The extractor is a frozen foundation model that converts training images into dense feature maps. It runs only on the dataset side — each training view is processed once, cached, and served as the ground-truth supervision signal.

Image (C, H, W)  ──► Extractor (frozen) ──► Feature Map (D, H', W')

The extractor defines the target feature space (dimension D and spatial resolution H'×W'). It is never updated during training.

Decoder (AbstractSemanticDecoder)

The decoder is a learnable module with three core operations (defined on AbstractSemanticDecoder):

Method Signature Purpose
decode_features(features) (N, C_in) → (N, C_out) Per-point mapping, usable on per-Gaussian encoded semantics directly
decode_feature_map(feature_map) (C_in, H, W) → (C_out, H', W') Full rendered feature map → extractor output format (channel + spatial)
decode_feature_pixels(feature_map, weight, bias) (C_in, H, W) → (C_proj, H, W) Per-pixel projection: decode_features + optional custom linear, spatial resolution preserved

The trainable subclass AbstractTrainableDecoder adds:

Method Signature Purpose
init_semantic(gaussians, dataset) static Build the mapping from data (e.g. PCA initialisation)
parameters() Return trainable parameters for the optimiser
Encoded semantics ──► Rasteriser ──► Raw Feature Map (embed_dim, H, W)
                                           │
                          ┌────────────────┼────────────────┐
                          ▼                ▼                ▼
                  decode_feature_map  forward_projection (stored as
                          │           (custom linear)    feature_map_encoded)
                          ▼                ▼
              Decoded Feature Map    Projected Map
               (D, H', W')          (C, H, W)

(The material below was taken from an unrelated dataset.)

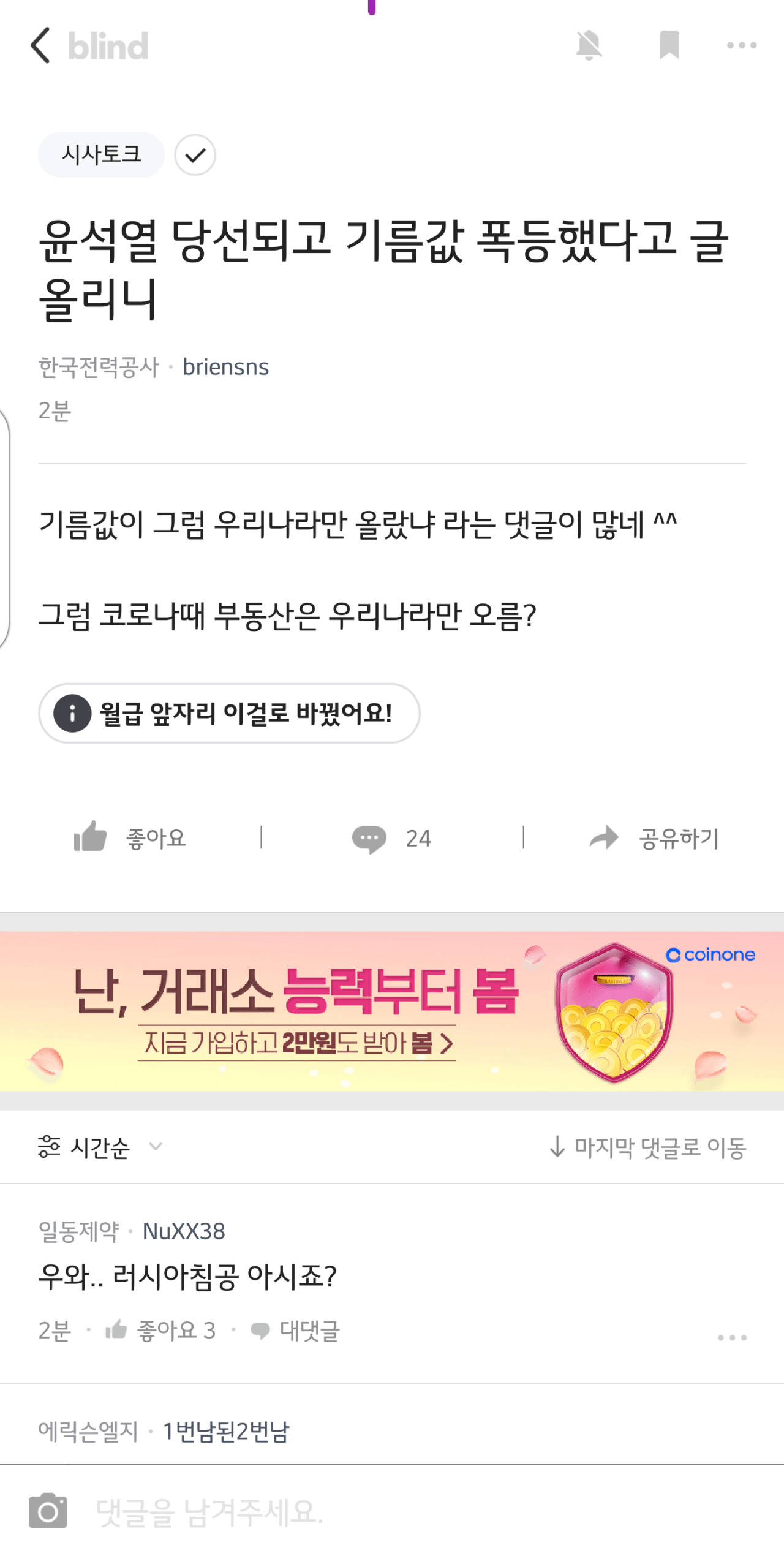저 밑에 기름값글의 댓글임ㅋㅋ

The default decode_feature_map applies decode_features per pixel (no spatial change). Subclasses may override it with reparameterized implementations for memory efficiency — e.g. the DINOv3 decoder reparameterizes a linear mapping followed by patch-level average pooling into a single F.conv2d call, avoiding a large intermediate tensor. Similarly, decode_feature_pixels reparameterizes two sequential linear layers into one combined projection.

The training loss is L1(Decoded Feature Map, Extractor Feature Map). The decoder's role is to bridge the gap between the compact per-point embedding (embed_dim, typically 32) and the extractor's high-dimensional output (D, e.g. 1024 for ViT-L), while also handling any spatial resolution change.

Why this split?

  1. Memory efficiency: Only embed_dim channels are stored per Gaussian and rasterised, not the full D channels. The decoder upprojects after rasterisation.
  2. Spatial alignment: Foundation models often output at patch resolution (e.g. 1/16 for ViT). The decoder can downsample the rasterised full-resolution map to match, avoiding expensive full-resolution feature supervision.
  3. Direct feature access: decode_features can be applied directly to per-Gaussian encoded semantics (via get_semantics), producing extractor-aligned features without rendering.
  4. Modularity: Swapping the foundation model only requires a new Extractor-Decoder pair. The Gaussian model, trainer, and rendering pipeline remain unchanged.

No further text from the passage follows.